Several other components also form part of the make-up of a satellite. For example, the aluminum covering protects external equipment from solar radiation. These components, though, do not make up the crucial parts of a satellite.

How Do Satellites Stay In Orbit?

A satellite stays in orbit by balancing two parameters: Speed (velocity) and Gravity.

Before a satellite can establish its orbit around Earth, though, it needs to get into space first. To accomplish this, they need a rocket that is powerful enough to break free from the planet's gravitational forces and carry the satellite into its designated orbit.

A rocket needs to reach speeds of at least 28 000 km/h (17 500 mph) to overcome the Earth's gravity and thick atmosphere. Once it clears the strongest gravitational forces, it can carry the satellite in low, medium, or high orbit.

(Learn more about rockets and how they work in this article.)

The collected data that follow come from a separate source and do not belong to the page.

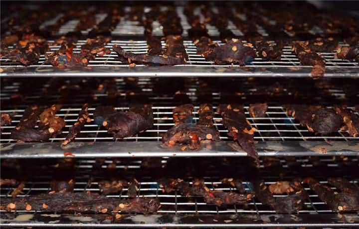 牛肉干的生產工藝流程:選料→腌制→烘干→冷卻→包裝,研究表明,與傳統工藝相比,通過循環熱風烘干的牛肉色澤更均勻,口味更佳,并且可以有效的避免因天氣因素造成的變質問題,且要保證牛肉的口感。那么先來看看經空氣能烘干機烘干后的牛肉干效果: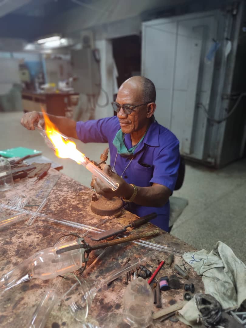Amado Silo Sáenz Álvarez, especialista en vidrio, diseñó una alternativa local para las pipetas Pasteur, utilizadas en la extracción de sangre a roedores mediante punción del seno retro orbital.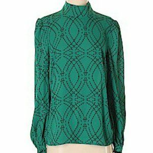 NEW WITH TAGS. Eva Longoria for The Limited top / shirt. Emerald green blouse with black dotting detail. Size Medium. 100% Polyester. Perfect new condition. Fun little puff shoulders and keyhole detail on the back, with two buttons. Smoke free and immaculate home. Bundle to save. Don't hesitate to reach out if you have questions!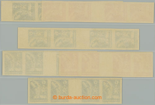 Philately. MEZIARSI / Pof.354-356Mv(4), Ms(4), 2K-6K, complete set vertical and horiz. 4-stamp gutter., vertical 5 Koruna shade grey-black, 6 Koruna horiz. dark blue; vertical 2 Koruna without upper margins, overall fine mint never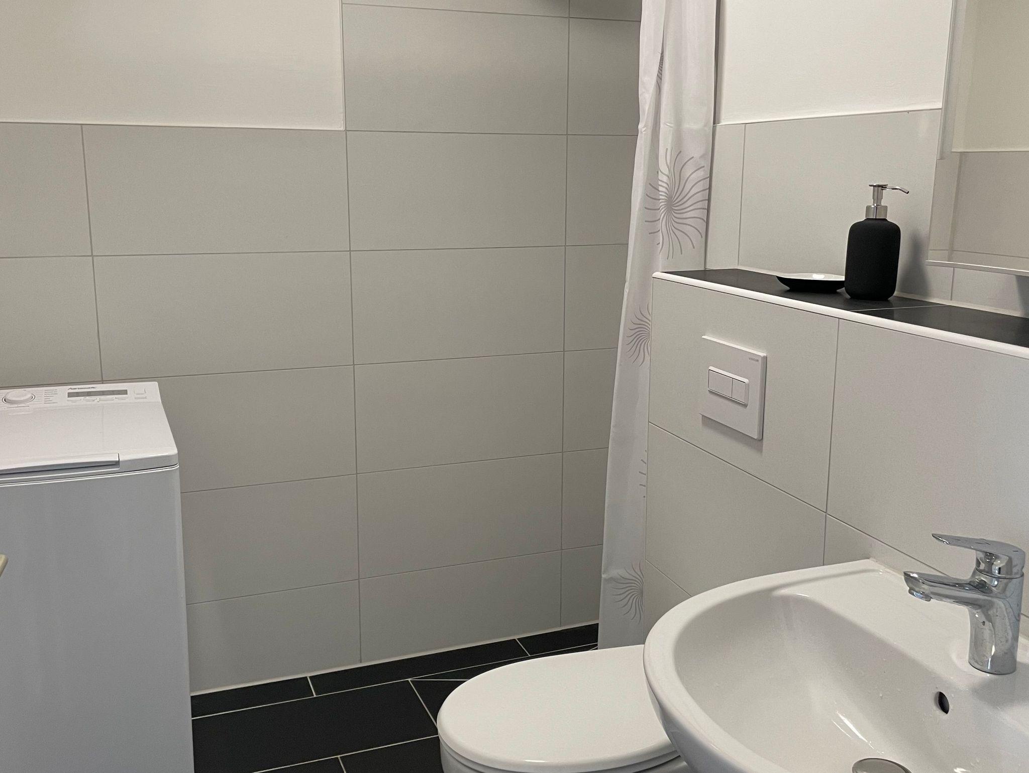 Im Duschbad befindet sich zusätzlich eine Waschmaschine.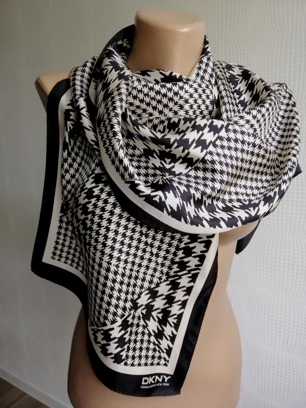 Шелковый платок DKNY в идеальном состоянии, есть одна затяечка в одну нить, если не присматрваться -не видно (смотрите последние фото). Размер 162/34 см. Бирочки нет. Оплата: 100% оплата на карту Приват банка.Доставка: по всей Украине за счёт покупателя Новой почтой.Возврат: не предусмотрен!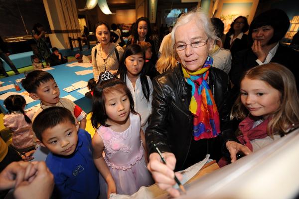 “‘哥德堡号’带我到中国”展上画家现场教小朋友绘画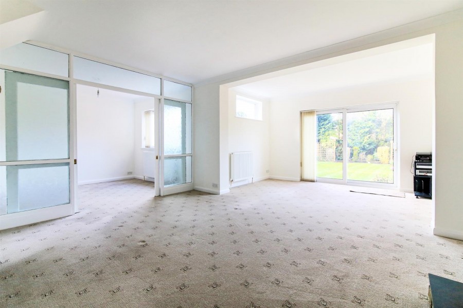 Upvc double glazing sliding patio doors onto rear garden. Upvc double glazed window to the side aspect. Two radiators. Feature brick fireplace with gas fire. Door to cupboard. Coving to ceiling, wall lights. Glazed sliding doors to:

Once the predetermined orbit is reached, the satellite gets released at the right orbit speed to maintain the same height above Earth's atmosphere. This speed was calculated to balance the satellite's velocity with Earth's gravity to maintain a constant altitude.

The satellite's speed needs to be fast enough not to get dragged down by the planet's gravity, yet slow enough to not completely break free from all gravitational forces and travel straight into space. 

In this way, a satellite can stay in orbit around Earth's surface for decades and even make small adjustments in its orbit by using the small amount of fuel it carries onboard.  

What Makes A Weather Satellite Different

A weather satellite may look like any other satellite, but it is its imaging equipment it carries onboard that sets it apart. The high-resolution imagers (cameras) are able to capture images in the visible, near-infrared, and infrared (thermal) range of the solar spectrum.

The range of atmospheric and surface parameters that can be measured, are literally too numerous to mention. For example, NASA's geostationary satellite, GOES-16, is capable of taking high-resolution images with 16 spectral bands. They include 10 infrared, 4 near-infrared, and 2 visible channels.

What this means is that satellites like the GOES-16 can capture detailed images of a wide range of parameters in the atmosphere, from cloud formation, land surface temperature, ocean currents, and even aerosols and vegetative health.

The images get sent back to ground stations where meteorologists, environmental agencies, etc., can access them. They use for accurate weather predictions, do impact studies, conduct meteorological risk assessments, and refine climate models, to mention just a few.

The images and data that gets captured come from two types of weather satellites that are classified according to their orbit around Earth, which will be discussed in the next section.

Polar And Geostationary Satellites

The two different types of weather satellites are categorized according to their orbit around Earth, which is either a geostationary or polar orbit. Each one has its own advantage and actually compliment each other.

Polar-Orbiting Satellites

Polar-orbiting weather satellites orbit the Earth around the North and South Poles. They get placed in a low orbit of around 850 km (530 miles) above the planet.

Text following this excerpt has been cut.